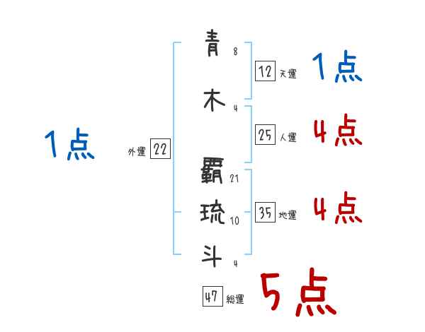 天運![]() | 青木覇琉斗さんの天運は12画の1つ星!簡単な失敗で諦めてしまいやすいかも。着実に行動すると良いでしょう。 家系が持つ宿命的な運勢を表します。祖先から受け継いだ苗字ですので自分の力が及びません。家柄を象徴します。 |
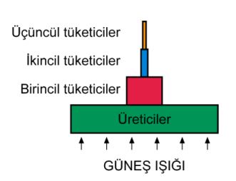 Bu besin piramidinde tabandan yukarıya doğru gidildikçe,
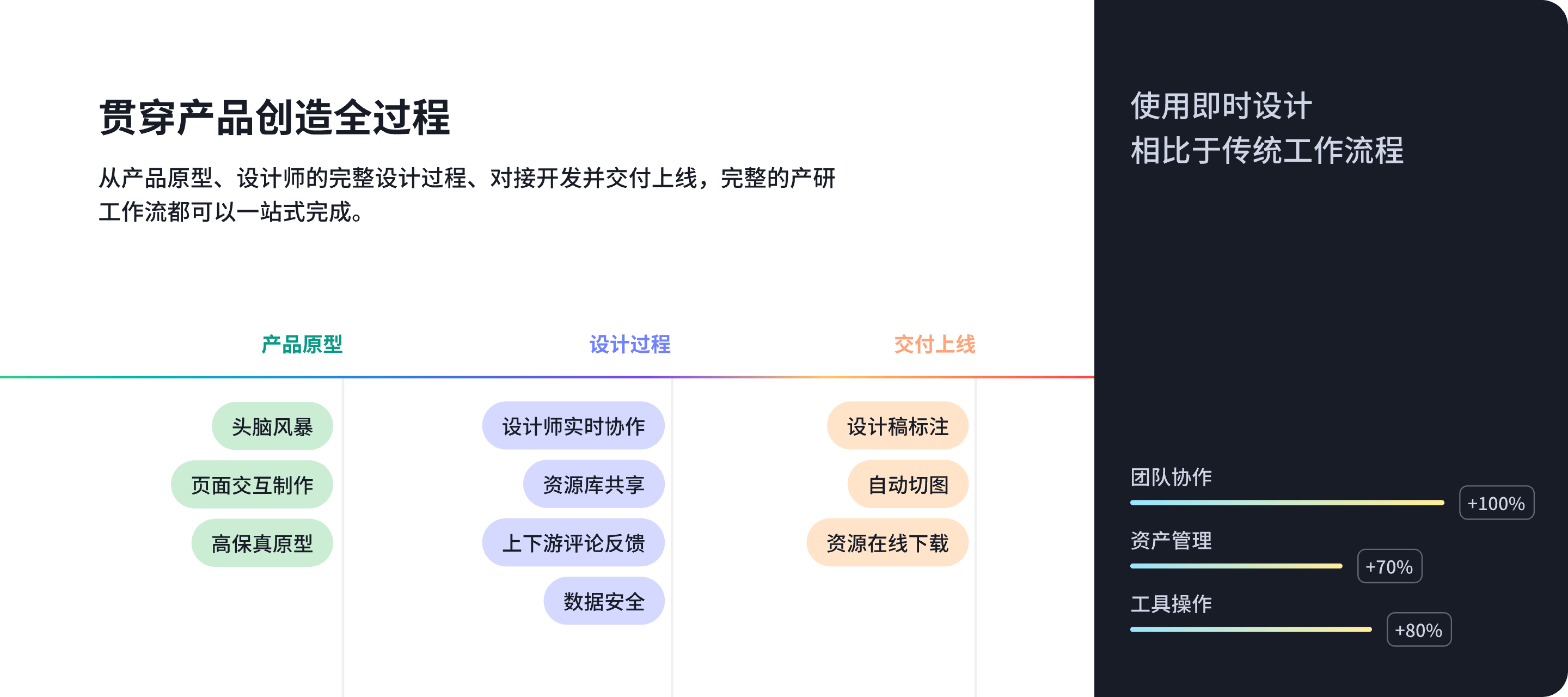 「即時設計」設計+協作的平臺形態已經成熟,設計師的設計創作、交互動效,產品經理的頁面跳轉梳理,同產研團隊的在線評審、打點討論,以及給開發交付的切圖導出、參數代碼標注等功能需求現在皆可通過即時設計一站式完成,并且實時協同。而且利用團隊文件狀態標簽、項目跟進和嵌套文件夾等獨特功能,配合在線工具云端存儲歷史版本的優勢,足以讓任何一個產研團隊最大程度地得到完善的數字資產管理和協同效率提升。
────────────────────────────────────────
Your objective: Retype the whole listing above exactly as written. Skip the pictures.

Written solution:
 天運![]() | 青木覇琉斗さんの天運は12画の1つ星!簡単な失敗で諦めてしまいやすいかも。着実に行動すると良いでしょう。 家系が持つ宿命的な運勢を表します。祖先から受け継いだ苗字ですので自分の力が及びません。家柄を象徴します。 |
 Bu besin piramidinde tabandan yukarıya doğru gidildikçe,
 「即時設計」設計+協作的平臺形態已經成熟,設計師的設計創作、交互動效,產品經理的頁面跳轉梳理,同產研團隊的在線評審、打點討論,以及給開發交付的切圖導出、參數代碼標注等功能需求現在皆可通過即時設計一站式完成,并且實時協同。而且利用團隊文件狀態標簽、項目跟進和嵌套文件夾等獨特功能,配合在線工具云端存儲歷史版本的優勢,足以讓任何一個產研團隊最大程度地得到完善的數字資產管理和協同效率提升。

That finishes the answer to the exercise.